Now, does that mean it needs to ripen? Or has RCI even down graded the red hot summer beach weeks?


----------



## Sandy (Jul 21, 2007)

joycapecod said:


> Hate to tell you but Cape Cod does not trade like they used to. I deposited a bright red studio unit 54 weeks in advance and it trades no better than my Orlando unit deposited 3 months out.
> 
> Now, does that mean it needs to ripen? Or has RCI even down graded the red hot summer beach weeks?



Interesting indeed.  Perhaps the problem is that you deposited "late?" I would think that this summer week would be a winner. 
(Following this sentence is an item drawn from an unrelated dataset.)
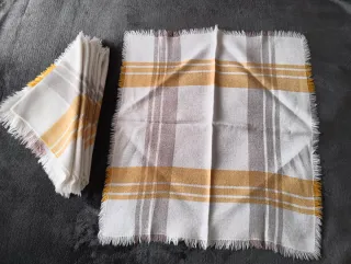 Conjunto de nueve servilletas de tela con un diseño a cuadros en tonos blancos y amarillos. - Diseño a cuadros. - Acabado con flecos.

Could it be that the amount of lead time decreased?  You said "weeks in advance" but is more time needed?  Or have you had success in the past depositing only weeks ahead of time?
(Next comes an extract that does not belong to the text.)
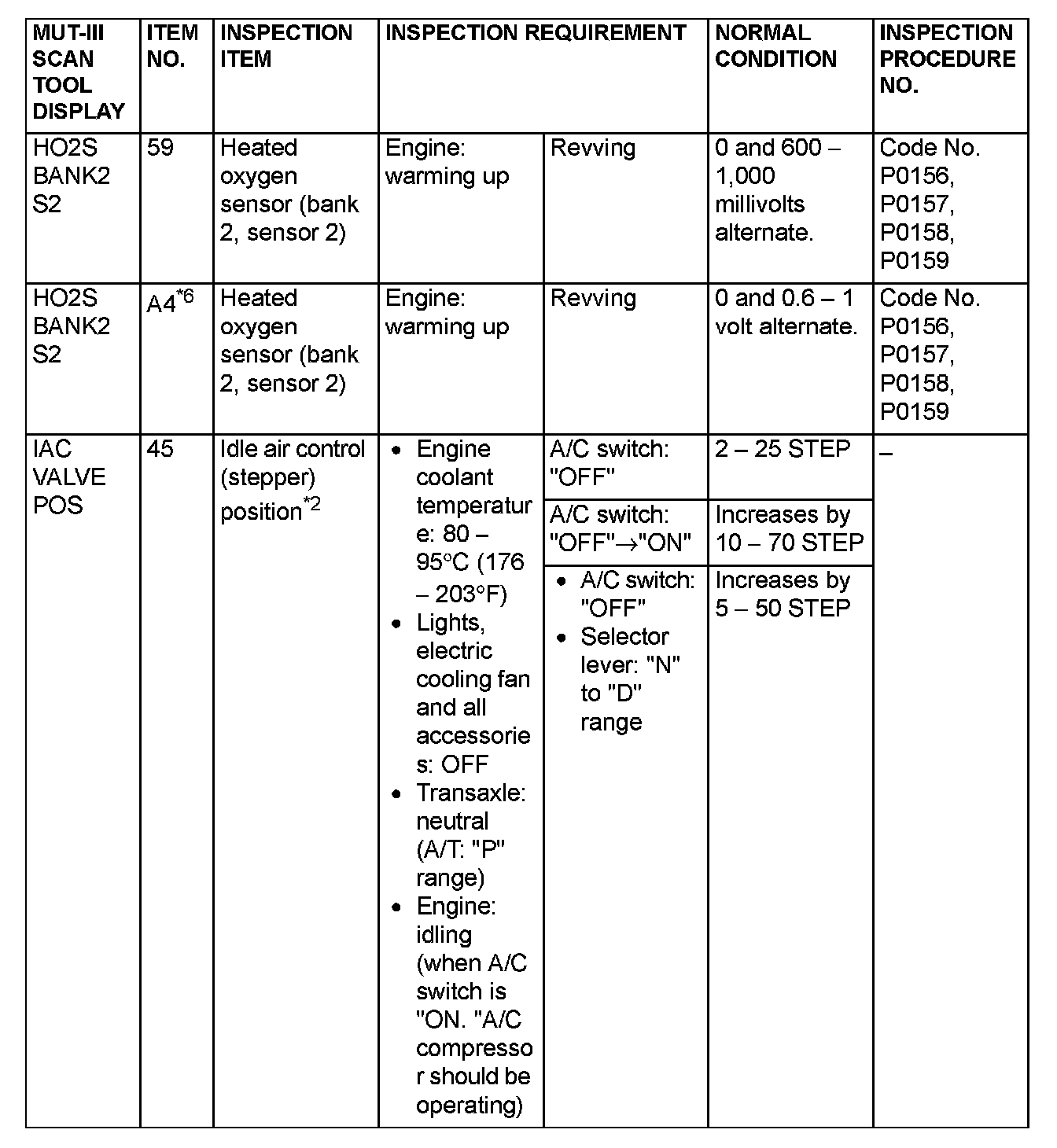 NOTE:*2: In a new vehicle [driven approximately 500 km (311 mile) or less], the step of the stepper motor is sometimes 30 steps greater than the standard value.

I usually deposit at least a year ahead of time, and always get more than I want from RCI.  (Seapointer's problems being the current excpetion since RCI will not take the weeks).


----------



## Kimca9 (Jul 21, 2007)

You might try banking with Dial an Exchange.  DAE

http://www.daelive.com

Kim


----------



## The Big Dawg (Jul 23, 2007)

*I've owned one for years*

and am very happy. Easy to deal with and have traded well for years.  Going to Las Vegas in the spring of 08 with my little grass hut.


----------



## Sandy (Jul 23, 2007)

*Which one?*



The Big Dawg said:


> and am very happy. Easy to deal with and have traded well for years.  Going to Las Vegas in the spring of 08 with my little grass hut.



HI - which resort are you referring to? Seapointer?  Mt. Amazi?  As a fellow Seapointer owner, I am contemplating walking away or giving away once I get hit with the special assessment.  Have you made a decision to pay the SA and keep the week? 

I agree that Seapointer is a super trader.  My problem is how to factor in the Special assesement so it makes financial sense.  Right now, for me it doesn't make sense.  Did you reach a different conclusion?

thanks!


----------